The preemptive outburst was aimed at influencing the central team led by Ashok Kumar, special secretary in the Union home ministry, which was visiting the state to assess the law and order situation.Jayalalitha believed her tantrums would preclude a clean chit to the DMK. However, the team said it was fully convinced by the actions taken by the state government. Later talking to the media, the special secretary said: "The state is peaceful and it is unfair to call it a 'terrorist state'. The problem is only in three or four districts which are used by certain elements for mischief and trouble. But they are being dealt with stringently".

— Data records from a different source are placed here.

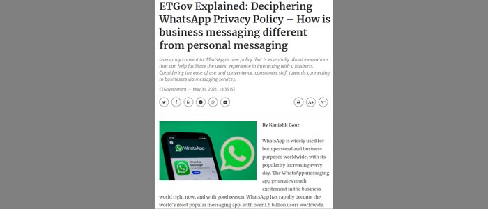 Kanishk Gaur, Founder, India Future Foundation, shared his views on “Deciphering WhatsApp Privacy Policy,” in ETGovernment.com.
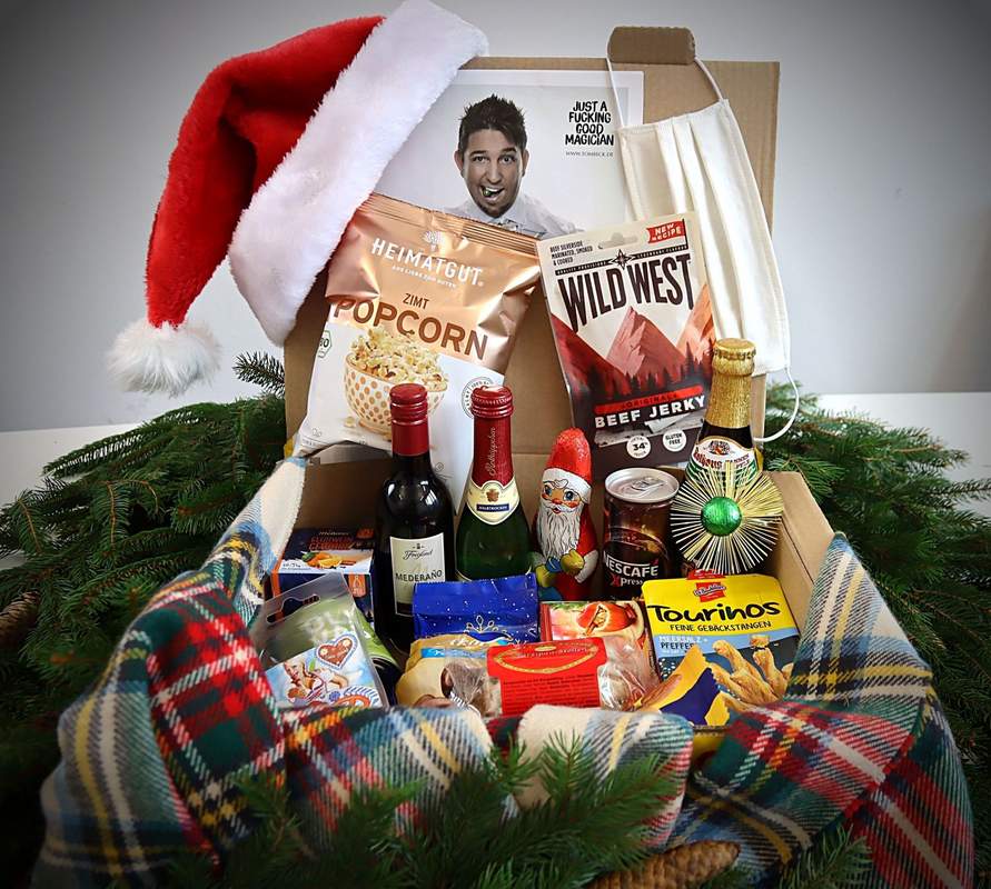 Im Mittelpunkt unserer virtuellen Weihnachtsfeier stehen unsere Weihnachtsbox und unser einmaliges Programm, mit dem wir Sie und Ihre Gäste unterhalten wollen. Erfreuen Sie sich an unserer Weihnachtsbox mit Leckereien, die Sie und Ihre Kollegen schon vorab per Post nach Hause geschickt bekommen. Alles, was man für einen schönen, leckeren und unterhaltsamen Abend eben braucht. Daneben haben wir ein... einzigartiges Programm für Sie zusammen gestellt. Alles live! Eine interaktive Zaubershow und z.B. ein spannendes Weihnachtsquiz mit Preisen für die Gewinner. Ein schöner Live-Abend dargestellt über eine starke und sichere Online Plattform wie z.B. Zoom.
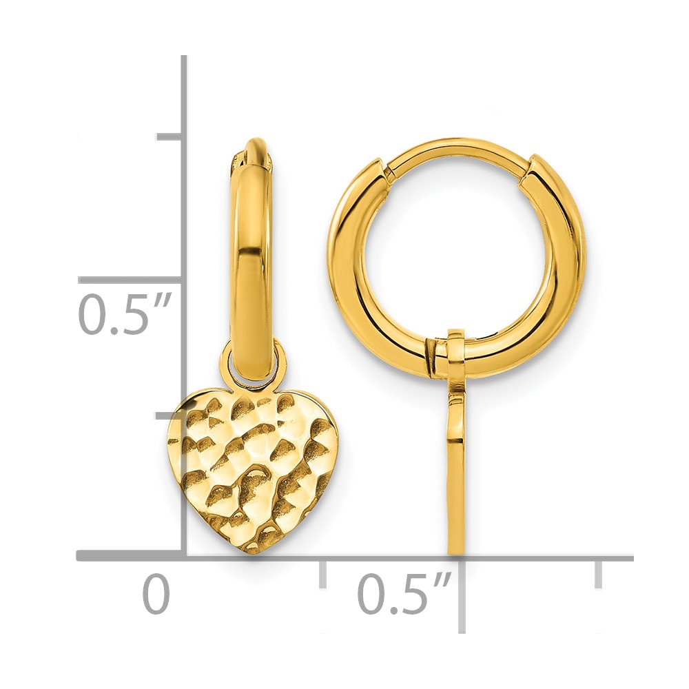 Chisel Stainless Steel Polished Hammered Yellow IP-plated Heart Dangle Hoop Earrings

The first person to criticise Kumar's assessment was MDMK general secretary and the MP from Sivakasi, Vaiko. He said: "The central team has no business to reveal its views to the media. They should have merely submitted their report to the Union home ministry." A view shared by many in the ministry. Advani has already held Kumar responsible for "jumping the gun" and North Block is abuzz with speculation about "who cleared the briefing".

There is a growing suspicion among AIADMK leaders that the BJP is trying to muster support by breaking the RJD, Samajwadi Party and even the AIADMK. Says a senior AIADMK leader: "After the recent ruling of the BJP speaker in Uttar Pradesh on the disqualification of the defected BSP MLAs, we are worried about the BJP's intentions. On the one hand, it is soft on the DMK, on the other, the party is using people like Hegde and Jethmalani to discredit us in the public eye. We have also heard that Fernandes is talking to his other LTTE supporters like the PMK and MDMK to stay with the BJP if Madam decides to part company."

 The AIADMK is now convinced that it cannot afford to lose time. Most of the cases against Jayalalitha are at a critical stage and two crucial judgments are expected next week—vis-a-vis Jayalalitha's role in the Rs 60-crore Tansi disinvestment case and her petition challenging the constitution of a special court to try cases against her and her colleagues. Under the present chief justice of the Chennai high court, her hopes of getting legal remedy seem very slender. Hence, the BJP's worry that she will increasingly indulge in brinkmanship.